There are numerous mechanisms for advancing worker ownership through federal, state, and local policy. Yet, one of the timeliest strategies might be to pass federal legislation like the United States Employee Ownership Bank Act. The Act (1) calls for employees to have a right of first refusal when their firm is planned to be sold or closed, meaning that workers have the right to band together to collectively purchase the firm before it can be sold or shut down; and (2) creates a bank to provide loans to facilitate such acquisitions, so long as the buyers are a majority (51%) of the firm’s employees.
Like any national-scale COVID-19 response, creating and endowing an Employee Ownership Bank will come at a large cost. However, as March’s stimulus package demonstrated, Congress can answer the familiar “how will you pay for it?” question swiftly and decisively when crisis brings mass devastation. With the unsettling reality that scores of businesses are at risk of permanent closure due to the pandemic, it seems that more devastation – and not a return to “normal” – is what’s in store for many workers and their families in the months ahead. Rather than sparing no expense on a bounce back, it seems like a better time to start investing in a push forward. Strategies that keep firms open and in workers’ hands are vital nodes along that headlong path.

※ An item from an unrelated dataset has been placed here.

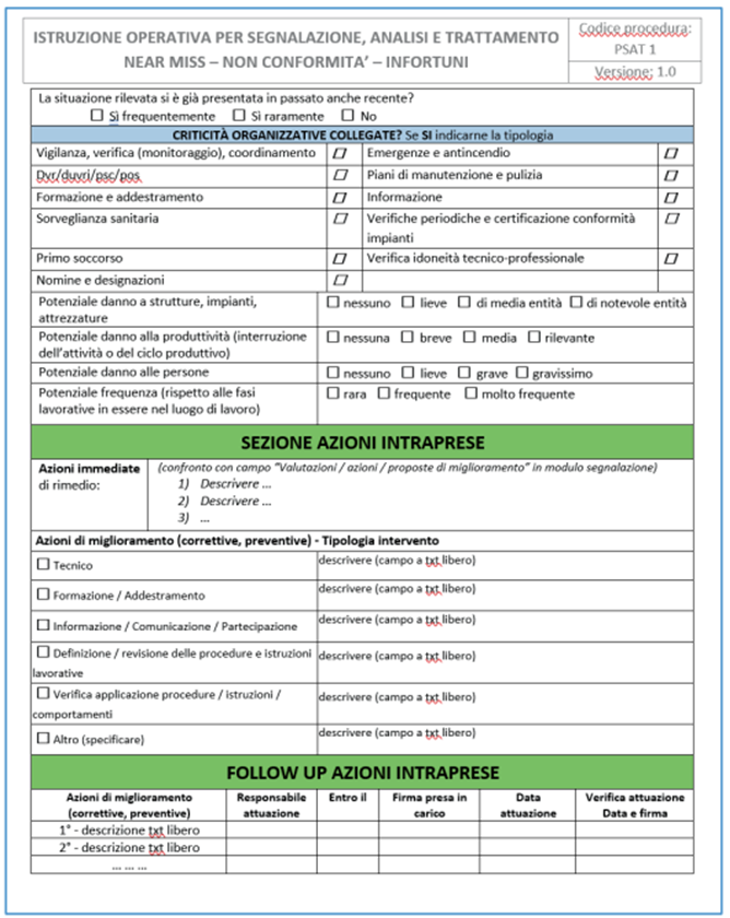 | Segnalazione Near miss o Non conformità | Lavoratore /Preposto/ RLS | MOD 1 |

If, following the Great Fire of 1666, London would have simply rebuilt the same “clogged”, “narrow” combustible urban fabric that it had before, the city would have been in flames again by the time the ashes were scattered. Instead, the 1667 Act for Rebuilding London established institutions to prevent future fires from being able to wreak the same level of havoc on the city. The Act limited “private freedom to a degree necessary to prevent” future disasters. As we rush to put out the fire that COVID-19 ignited on our economy, we need to take the same approach. Resilience does not mean simply bouncing back – it is about boldly advancing into the post-crisis world with fewer vulnerabilities than we had before. Reducing systemic inequities and building the capacity of vulnerable workers and vulnerable populations is how we become a more resilient society going forward.